TASK PROMPT:
Print the lines below word for word, beginning with the first and ending with the line that holds "春筍泡好後撈出瀝幹水分待用。", and skip every picture.

---------- DATA UNDER STUDY ----------

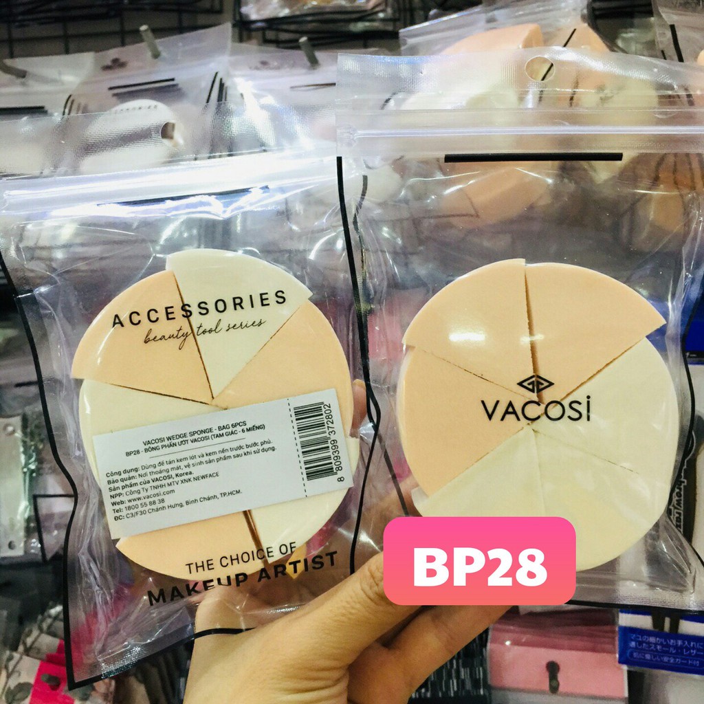 Giới thiệu Bông ướt tam giác nhọn Vacosi BP28 (Bịch 6 Bông) / Mút tán kem nền
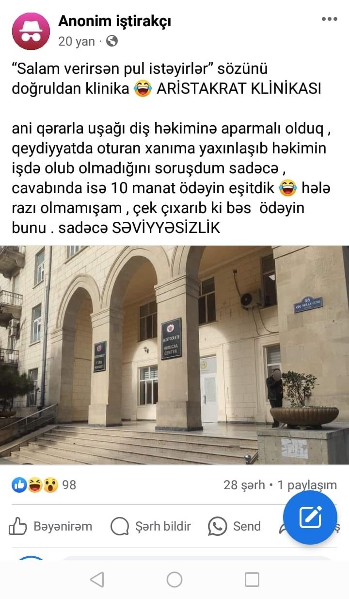 “Aristokrat” klinikasının qeydiyyat şöbəsində həkimin iş rejimini soruşan kimi ödəniş tələb olunurmuş. Tribunainfo.az qeyd edir ki, sosial mediada bu məsələ gündəmə gətirilib və gülüş doğurub. “Ani qərarla uşağı diş həkiminə aparmalı olduq, qeydiyyatda oturan xanıma yaxınlaşıb həkimin işdə olub- olmadığını soruşdum sadəcə, cavabında isə 10 manat ödəyin eşitdik. Hələ razı olmamışam, qəbz çıxarıb ki, bəs ödəyin bunu… Sadəcə səviyyəsizlikdir”.
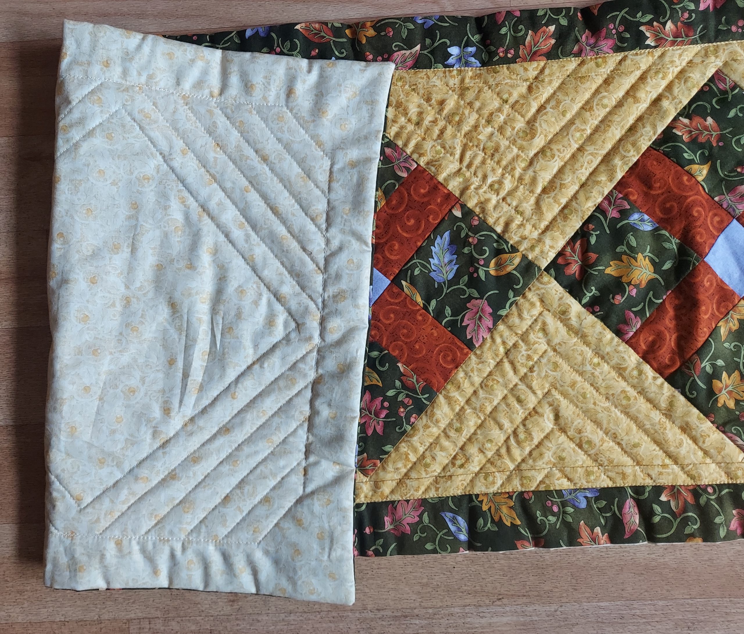 Heute gibt´s einen herbstlichen Tischläufer, 90 x 38 cm groß, mit Vlies gefüttert und bei 30° in der Maschine waschbar. Die Rückseite ist hellgelb. Alle Stoffe sind aus einer Kollektion. Diese Stoffe sind vergriffen.
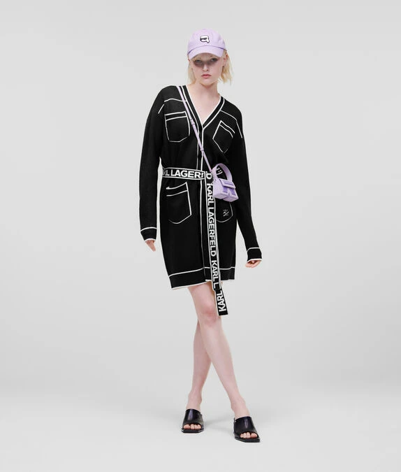 Bei dieser langen Strickjacke stellen der auffällige Gürtel mit KARL-Logo und die kontrastierende Paspelierung einen echten Blickfang dar. Das bequeme Modell aus einer weichen Wollmischung mit einem Knopfverschluss auf der Vorderseite kann als Kleid oder als Strickjacke getragen werden.
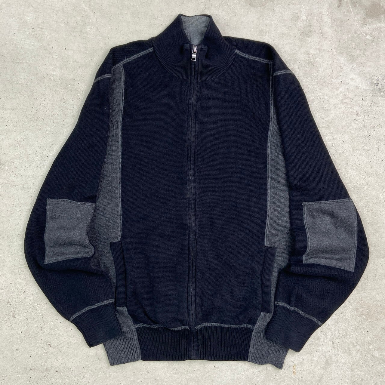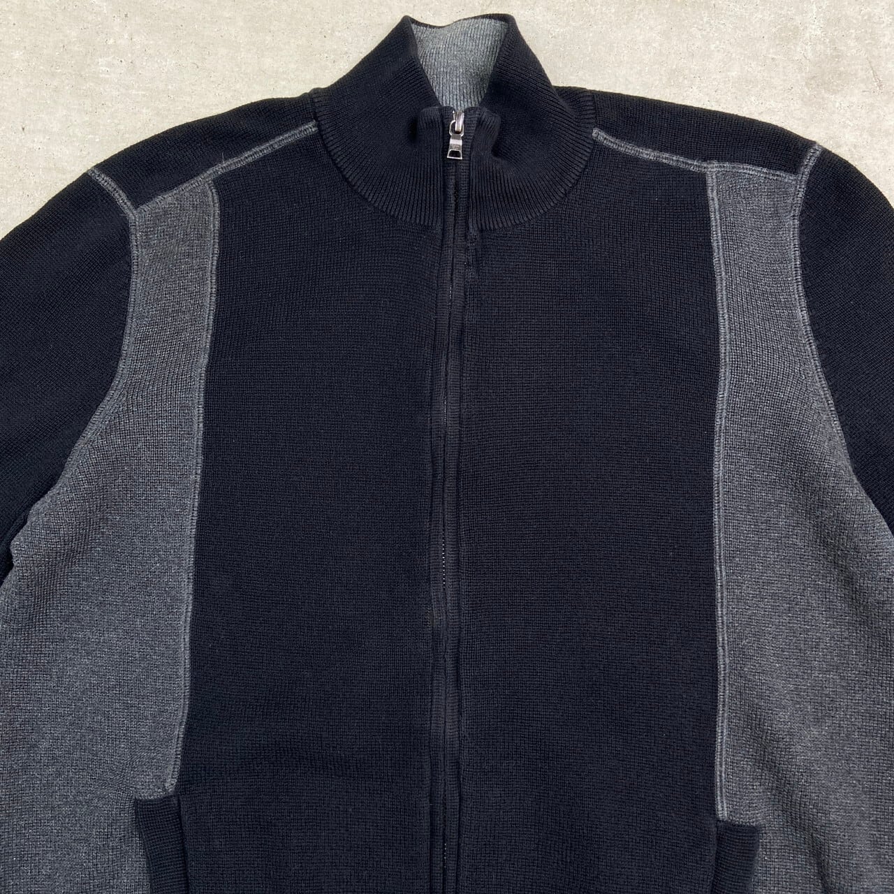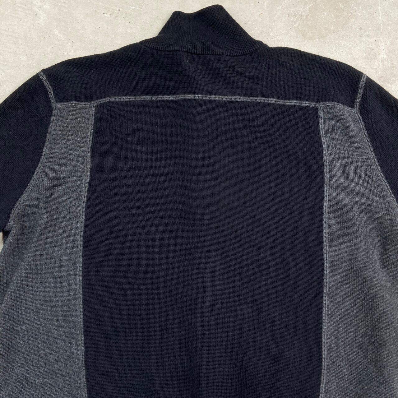 Calvin Klein カルバンクライン CK フルジップニットカーディガン ドライバーズニット ピマコットンニット メンズL 古着 グレー ブラック 灰色 黒 【ニットセーター】/マルチカラーSS30
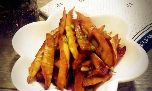 春筍泡好後撈出瀝幹水分待用。鍋內倒入適量食用油,然後放入五花肉翻炒五花肉,加入薑蒜爆香。然後我們把春筍放進去炒,把春筍滾上肥油,在油裡慢慢煮。然後加入適量的水,少許醬油,大火燜煮片刻。待汁快收幹時,加入少許鹽,翻炒均勻。上菜前撒上蔥花。
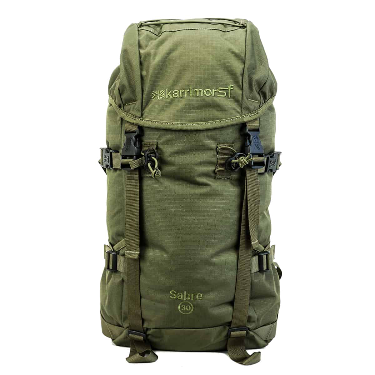 De Sabre 30 rugzak van Karrimor heeft één groot vak met een inhoud van 30 liter. Gemaakt van sterk 1000 denier cordura. Heeft een Coolmesh windtunnel voor optimale ventilatie van uw rug. Twee lussen voor ijsbijl, pickel, enz. De klep heeft een kaartenvak. In de (open) zijtassen kan een lang voorwerp ingeschoven worden. Op de klep zit elastisch koord voor snelle bevestiging van uitrusting. Voorzien van compressiebanden, borstriem en heupgordel.

----------

SOLUTION TO THE PROBLEM:
 Giới thiệu Bông ướt tam giác nhọn Vacosi BP28 (Bịch 6 Bông) / Mút tán kem nền
 “Aristokrat” klinikasının qeydiyyat şöbəsində həkimin iş rejimini soruşan kimi ödəniş tələb olunurmuş. Tribunainfo.az qeyd edir ki, sosial mediada bu məsələ gündəmə gətirilib və gülüş doğurub. “Ani qərarla uşağı diş həkiminə aparmalı olduq, qeydiyyatda oturan xanıma yaxınlaşıb həkimin işdə olub- olmadığını soruşdum sadəcə, cavabında isə 10 manat ödəyin eşitdik. Hələ razı olmamışam, qəbz çıxarıb ki, bəs ödəyin bunu… Sadəcə səviyyəsizlikdir”.
 Heute gibt´s einen herbstlichen Tischläufer, 90 x 38 cm groß, mit Vlies gefüttert und bei 30° in der Maschine waschbar. Die Rückseite ist hellgelb. Alle Stoffe sind aus einer Kollektion. Diese Stoffe sind vergriffen.
 Bei dieser langen Strickjacke stellen der auffällige Gürtel mit KARL-Logo und die kontrastierende Paspelierung einen echten Blickfang dar. Das bequeme Modell aus einer weichen Wollmischung mit einem Knopfverschluss auf der Vorderseite kann als Kleid oder als Strickjacke getragen werden.
 Calvin Klein カルバンクライン CK フルジップニットカーディガン ドライバーズニット ピマコットンニット メンズL 古着 グレー ブラック 灰色 黒 【ニットセーター】/マルチカラーSS30
 春筍泡好後撈出瀝幹水分待用。鍋內倒入適量食用油,然後放入五花肉翻炒五花肉,加入薑蒜爆香。然後我們把春筍放進去炒,把春筍滾上肥油,在油裡慢慢煮。然後加入適量的水,少許醬油,大火燜煮片刻。待汁快收幹時,加入少許鹽,翻炒均勻。上菜前撒上蔥花。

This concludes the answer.